From the first line of the records below through the line with "Transform your home", output each line exactly; skip the pictures.

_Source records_
"""

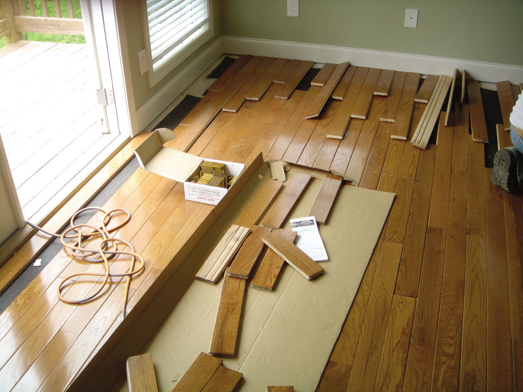 Avant de polir, assurez-vous de réparer le sol. La surface de l'appartement est complètement débarrassée des meubles, des objets et le sol est lavé à fond. L'état du parquet est entièrement vérifié. Chaque barre que vous devez exploiter. Le son sourd qui apparaît lors du tapotement indique que les vides apparaissent sur le sol.En règle générale, cela est dû au pelage de la bande de la base et à la formation d’un vide en dessous. Ce genre de lattes doivent être percés.
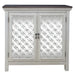Transform your home with the Westridge accent cabinet. Crafted of Eucalyptus solids and Ash veneers in a wire brushed finished gray with white dusty wax and worn wood top. Features mirrored doors with decorative floral pattern overlays, block feet and one concealed fixed shelf behind doors. A unique piece that will work with any dΓ©cor from traditional to contemporary.
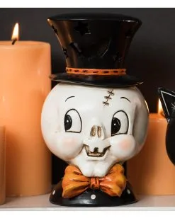 Unser leuchtender Johanna Parker Totenkopf mit Hut ist eine niedliche Tischdeko für alle Halloween Fans. Der kleine Totenschädel ist bester Laune. Er strahlt im wahrsten Sinne des Wortes. Seine kleinen schwarzen Augen blicken schelmisch umher. Ob er gesehen hat, dass die Kinder ihn ebenso niedlich finden wie du? Zurecht. Schließlich hat sich unsere Totenkopf Deko Figur ja auch richtig in Schale geworfen, um mit Fliege und Zylinder als kinderfreundliche Halloween Deko zu begeistern. Auch Retro Deko Fans kommen bei diesem besonderen Knochengesicht voll auf ihre Kosten.
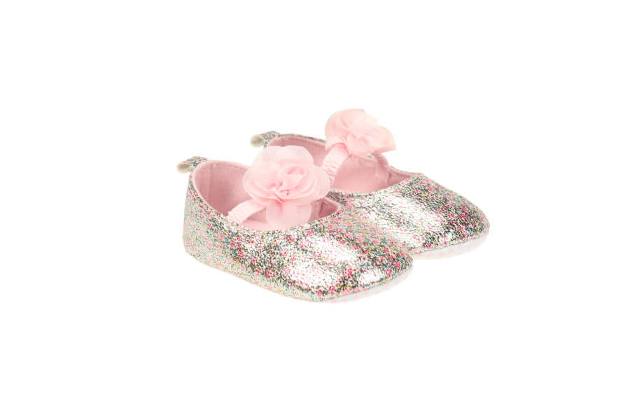 Buciki niemowlęce dla dziewczynki balerinki - z kwiatuszkiem
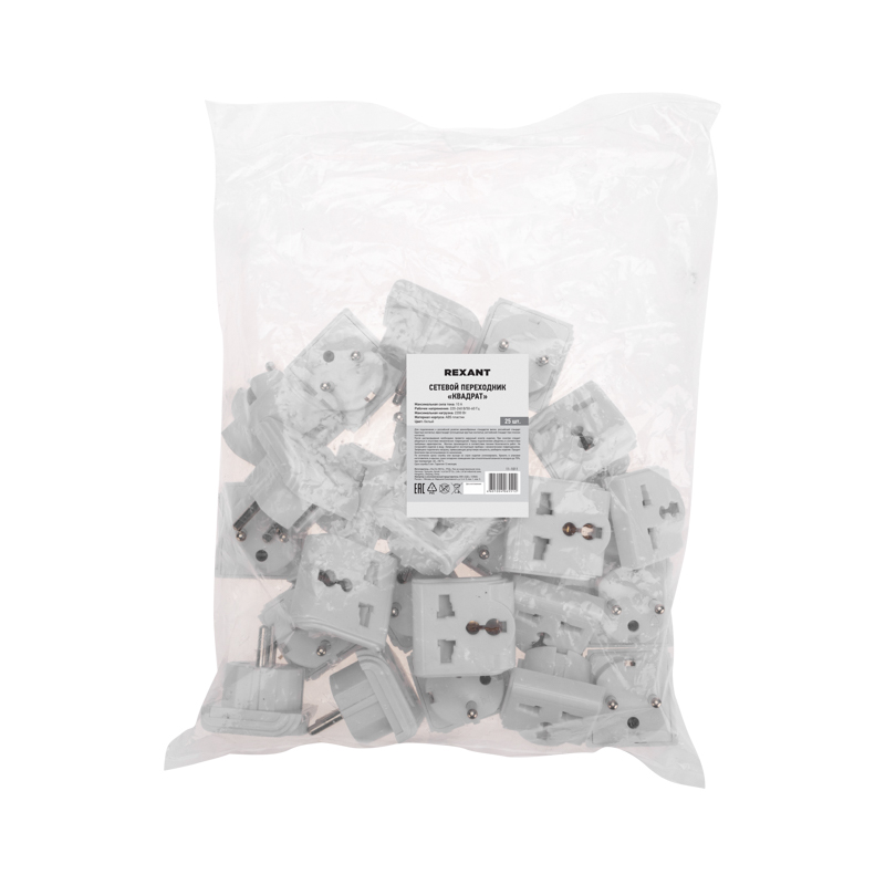 Переходник 10А/250В сетевой белый «Квадрат» REXANT
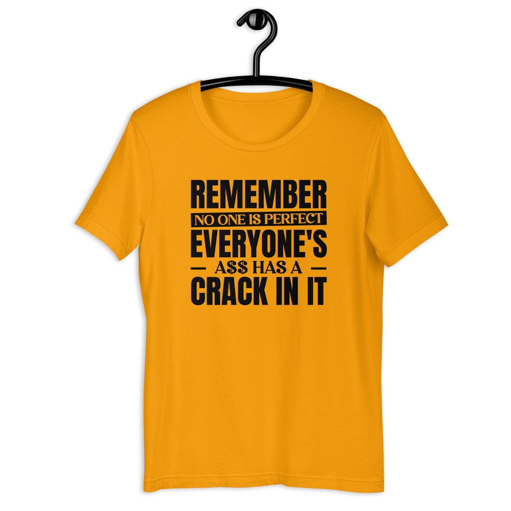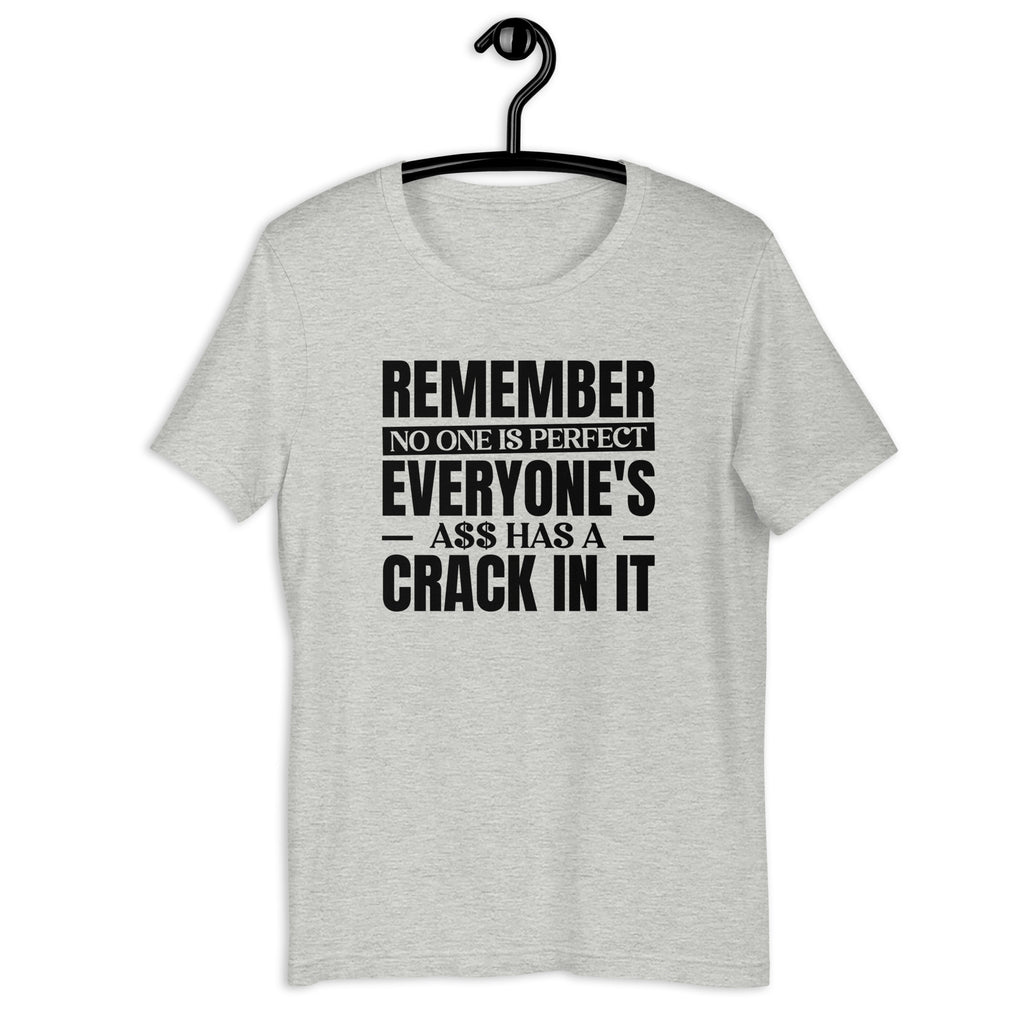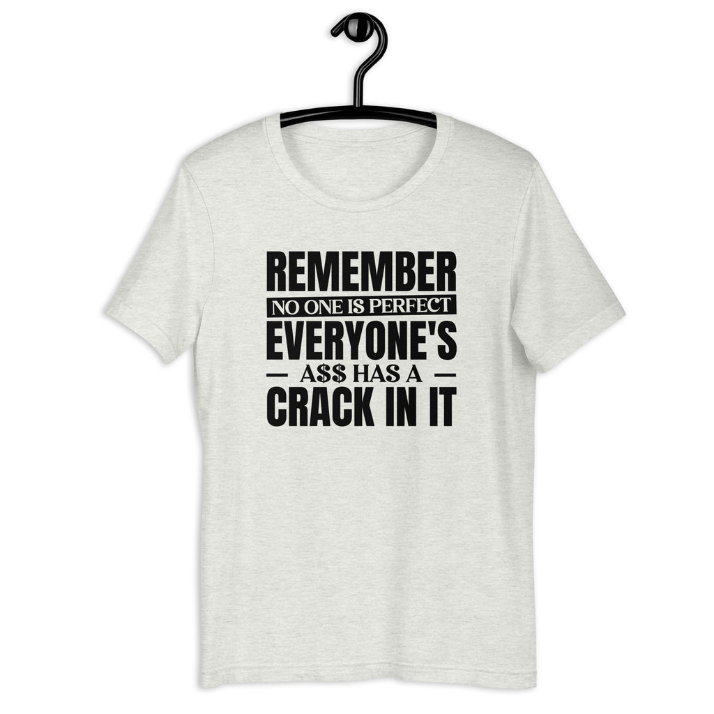 A funny reminder that nobody’s flawless. The “Remember No One Is Perfect, Everyone’s Ass Has a Crack in It” t-shirt delivers humor with a wink, making it the perfect conversation starter. Equal parts silly and relatable, it’s a great way to remind everyone not to take life—or themselves—too seriously.

"""

_RESPONSE TO THIS TASK_
 Avant de polir, assurez-vous de réparer le sol. La surface de l'appartement est complètement débarrassée des meubles, des objets et le sol est lavé à fond. L'état du parquet est entièrement vérifié. Chaque barre que vous devez exploiter. Le son sourd qui apparaît lors du tapotement indique que les vides apparaissent sur le sol.En règle générale, cela est dû au pelage de la bande de la base et à la formation d’un vide en dessous. Ce genre de lattes doivent être percés.
Transform your home with the Westridge accent cabinet. Crafted of Eucalyptus solids and Ash veneers in a wire brushed finished gray with white dusty wax and worn wood top. Features mirrored doors with decorative floral pattern overlays, block feet and one concealed fixed shelf behind doors. A unique piece that will work with any dΓ©cor from traditional to contemporary.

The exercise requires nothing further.